#### TASK ITEM
Taking the data below, please print only the lines from the line holding "Havuz bahçe kısmı" to the line holding "Тумба напольная Smile", inclusive, with pictures omitted.

**** PROVIDED INFORMATION ****

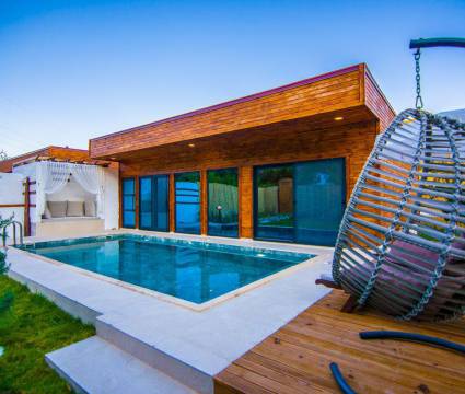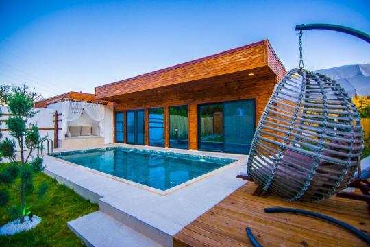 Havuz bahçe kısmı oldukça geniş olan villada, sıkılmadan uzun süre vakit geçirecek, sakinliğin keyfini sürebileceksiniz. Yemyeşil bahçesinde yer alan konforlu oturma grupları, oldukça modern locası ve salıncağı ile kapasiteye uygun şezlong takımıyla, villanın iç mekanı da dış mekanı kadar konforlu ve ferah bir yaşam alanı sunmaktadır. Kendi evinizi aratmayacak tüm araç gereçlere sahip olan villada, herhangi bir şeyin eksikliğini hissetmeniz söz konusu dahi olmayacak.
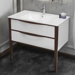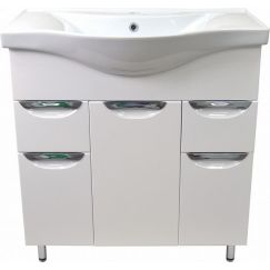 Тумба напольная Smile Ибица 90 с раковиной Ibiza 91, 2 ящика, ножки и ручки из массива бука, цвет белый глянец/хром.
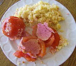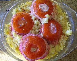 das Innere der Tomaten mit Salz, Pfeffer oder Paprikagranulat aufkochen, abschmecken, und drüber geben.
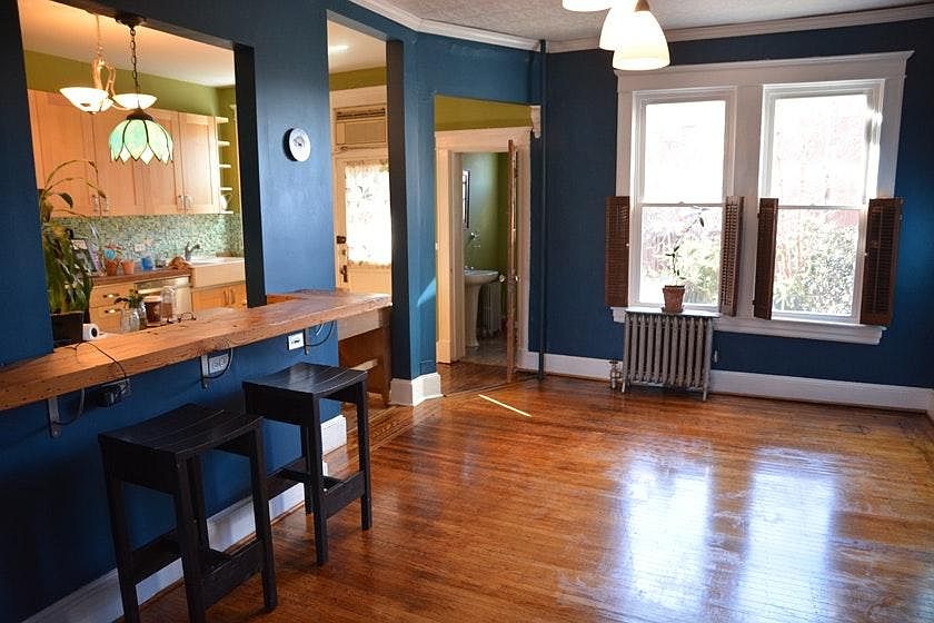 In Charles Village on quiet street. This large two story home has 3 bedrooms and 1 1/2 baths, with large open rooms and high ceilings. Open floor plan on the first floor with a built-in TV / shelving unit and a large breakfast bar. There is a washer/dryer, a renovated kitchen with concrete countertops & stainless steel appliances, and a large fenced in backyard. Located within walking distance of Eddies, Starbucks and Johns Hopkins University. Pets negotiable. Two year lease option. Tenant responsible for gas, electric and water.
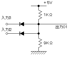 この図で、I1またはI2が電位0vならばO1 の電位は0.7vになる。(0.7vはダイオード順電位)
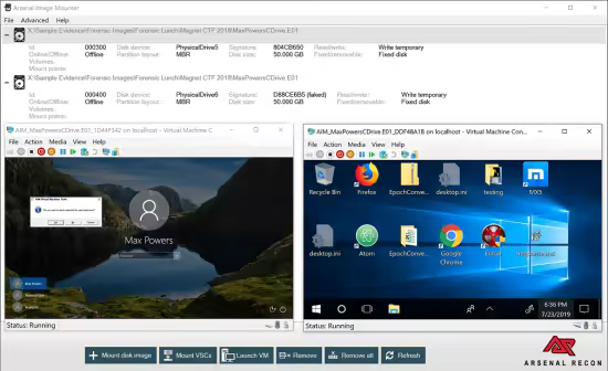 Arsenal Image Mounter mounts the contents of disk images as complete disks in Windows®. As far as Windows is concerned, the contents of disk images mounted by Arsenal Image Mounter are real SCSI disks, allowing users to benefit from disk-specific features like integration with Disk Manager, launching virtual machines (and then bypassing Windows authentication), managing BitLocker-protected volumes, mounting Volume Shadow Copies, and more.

****
**** PROVIDED INFORMATION ****

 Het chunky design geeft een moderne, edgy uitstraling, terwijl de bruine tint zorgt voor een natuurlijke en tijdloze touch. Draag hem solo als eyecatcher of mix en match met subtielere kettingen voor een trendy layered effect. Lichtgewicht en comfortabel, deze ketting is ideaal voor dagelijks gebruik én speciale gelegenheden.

****
**** PROVIDED INFORMATION ****

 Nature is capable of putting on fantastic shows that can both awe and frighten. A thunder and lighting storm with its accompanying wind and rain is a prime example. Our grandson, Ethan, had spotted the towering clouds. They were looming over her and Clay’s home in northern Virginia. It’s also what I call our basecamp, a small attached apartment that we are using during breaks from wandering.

****

#### OUTPUT FOR THIS TASK
 Havuz bahçe kısmı oldukça geniş olan villada, sıkılmadan uzun süre vakit geçirecek, sakinliğin keyfini sürebileceksiniz. Yemyeşil bahçesinde yer alan konforlu oturma grupları, oldukça modern locası ve salıncağı ile kapasiteye uygun şezlong takımıyla, villanın iç mekanı da dış mekanı kadar konforlu ve ferah bir yaşam alanı sunmaktadır. Kendi evinizi aratmayacak tüm araç gereçlere sahip olan villada, herhangi bir şeyin eksikliğini hissetmeniz söz konusu dahi olmayacak.
 Тумба напольная Smile Ибица 90 с раковиной Ibiza 91, 2 ящика, ножки и ручки из массива бука, цвет белый глянец/хром.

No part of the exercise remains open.